Schooled

A Controversial Teacher-Evaluation Method Is Heading to Court. Here’s Why That’s a Huge Deal.

New York Gov. Andrew Cuomo is a big fan of using test scores to evaluate teachers. 

Photo by Spencer Platt/Getty Images

Sheri Lederman has taught elementary school in Great Neck, New York, for 18 years. She had always been “highly regarded as an educator” (her superintendent’s words), with more than two-thirds of her students scoring as proficient or advanced in 2012–13. But then, the next year, although roughly the same percentage of her students met or exceeded state standards, Lederman was slapped with an “ineffective” rating and given one out of 20 points. What happened? To understand that requires a quick briefing on the labyrinthine, data-driven methods used to evaluate her, one that’s known as student-growth percentile, or SGP, which measures a student’s growth from one year to the next.* It is similar to another evaluation method beloved by education reformers that’s known as value-added modeling, or VAM. If Lederman’s lawsuit succeeds, both of these score-based evaluation systems could be under serious threat.

Proponents tout SGP and VAM as a means of assessing a teacher’s effectiveness that’s far more accurate and objective than previous systems that scored teachers exclusively on principal or student evaluations, or on standardized test scores in a vacuum. Critics, including Lederman, believe that these scoring methods are irrational and potentially injurious to even the best teachers.

These systems work in part by assessing students’ year-to-year progress: by measuring the same cohort of students’ scores as they move up a grade as well as comparing that cohort with the previous year’s scores. In deeming whether a teacher should be rated as “highly effective,” “effective,” “developing,” or “ineffective,” the scores also attempt to control for factors outside a teacher’s control, like demographics (not that Great Neck is exactly rife with disadvantaged youth) and past test scores. The goal of these models is to isolate how much value each teacher adds to the equation.

But is it fair? Lederman doesn’t think so, and she’s suing the New York State Education Department to scrap her score. In the opening paragraph of her lawsuit, she claims that the score she received was “arbitrary and capricious and an abuse of discretion,” and one that could damage her future career prospects. (In New York, a teacher who receives two consecutive “ineffective” ratings could be placed on the fast track to dismissal.) Oral arguments begin Wednesday in a case that education reformers and their opponents are watching closely.

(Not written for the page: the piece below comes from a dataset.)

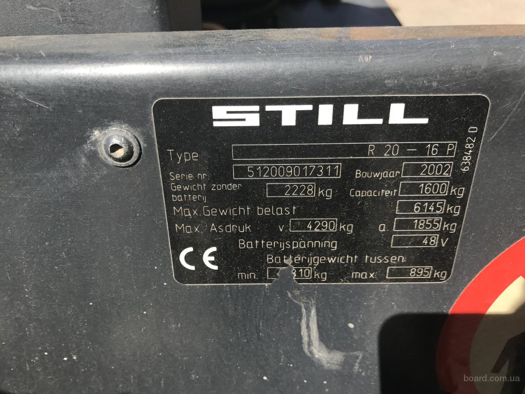 Still R20-16. Год выпуска 2002, грузоподъемность 1600 кг., высота подъема 5000 мм.,мачта триплекс, свободный ход, каретка бокового смещения, наработка ----- 1624 моточаса !.

These approaches to teacher assessment are relatively new—major school systems like New York, Chicago, and the District of Columbia started deploying VAM at the beginning of the decade, and now more than half the states use some form of it—that has been rife with controversy from the beginning. While classroom observations do play a role in a teacher’s overall score, one recurring complaint is that, because these metrics hinge so much on test-score growth, students scoring high one year may leave little room for improvement the next year, which could hurt their teachers’ ratings. These evaluations often measure students’ predicted test scores against their actual scores, which can lead to some lopsided results, like the much-discussed predicament of this Florida teacher. And, as a Schooled story illustrated last month, because the testing is generally limited to math and English, teachers of, say, art or science could be punished for students’ performance in subjects they don’t even teach. 

So the future of using student test scores to evaluate teacher performance—which the Gates Foundation has found to be effective, and which education reformers, including Education Secretary Arne Duncan and New York’s own Gov. Andrew Cuomo, have doggedly embraced despite concerns—may hang in the balance with this lawsuit. If Lederman prevails, New York may have to start from scratch and come up with an entirely new teacher evaluation system. And, to adapt Metternich’s line about France and Europe: When New York sneezes, the rest of the United States catches a cold.

*Correction, Aug. 12, 2015: This post originally misstated that New York uses value-added modeling. It uses student-growth percentiles. The post has been revised to clarify the difference between student-growth percentiles and value-added modeling.